• **WHAT TO WORK ON**: Begin at the first line of the data and copy each line through the one containing "이날 캠페인에는 영암경찰서", that line included, with no pictures.

• **SOURCE MATERIAL**:
☆ ☆ ☆
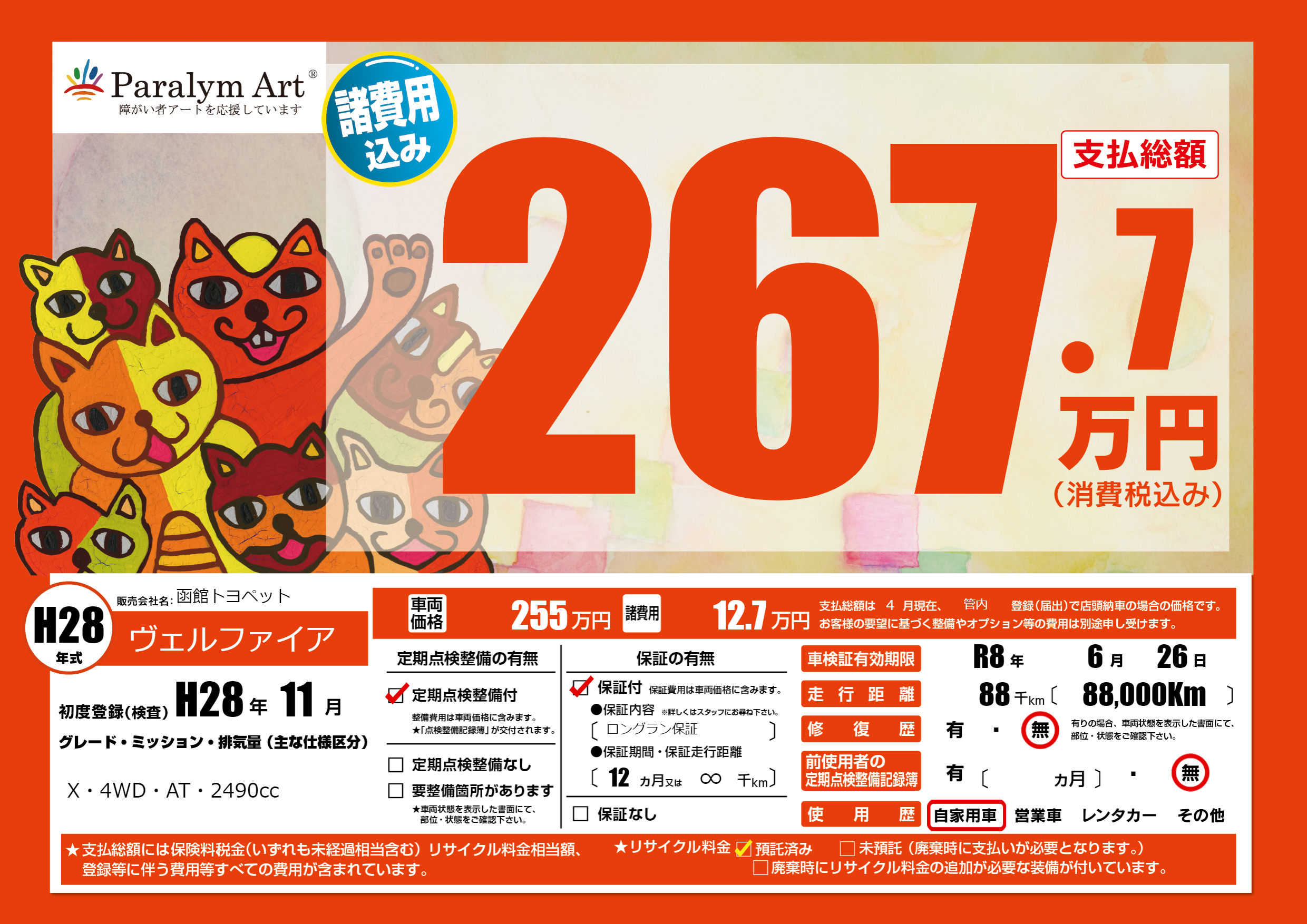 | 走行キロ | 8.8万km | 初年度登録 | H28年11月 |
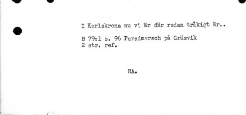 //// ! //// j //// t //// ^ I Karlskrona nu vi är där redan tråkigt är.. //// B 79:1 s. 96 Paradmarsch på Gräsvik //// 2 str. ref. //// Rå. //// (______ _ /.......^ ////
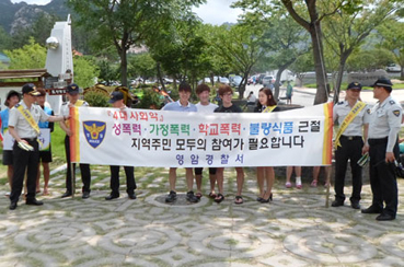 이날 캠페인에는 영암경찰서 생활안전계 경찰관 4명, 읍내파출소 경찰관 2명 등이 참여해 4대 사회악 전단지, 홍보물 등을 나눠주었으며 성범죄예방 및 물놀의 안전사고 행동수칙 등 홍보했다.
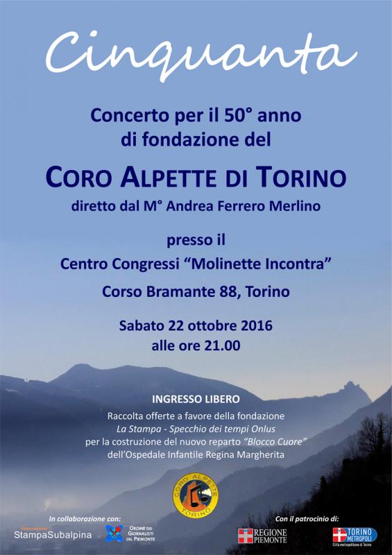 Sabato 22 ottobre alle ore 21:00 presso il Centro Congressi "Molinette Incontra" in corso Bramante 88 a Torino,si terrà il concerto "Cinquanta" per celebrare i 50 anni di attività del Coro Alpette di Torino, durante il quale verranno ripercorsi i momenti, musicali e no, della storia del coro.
☆ ☆ ☆
• **EXERCISE OUTPUT**:
 | 走行キロ | 8.8万km | 初年度登録 | H28年11月 |
 //// ! //// j //// t //// ^ I Karlskrona nu vi är där redan tråkigt är.. //// B 79:1 s. 96 Paradmarsch på Gräsvik //// 2 str. ref. //// Rå. //// (______ _ /.......^ ////
 이날 캠페인에는 영암경찰서 생활안전계 경찰관 4명, 읍내파출소 경찰관 2명 등이 참여해 4대 사회악 전단지, 홍보물 등을 나눠주었으며 성범죄예방 및 물놀의 안전사고 행동수칙 등 홍보했다.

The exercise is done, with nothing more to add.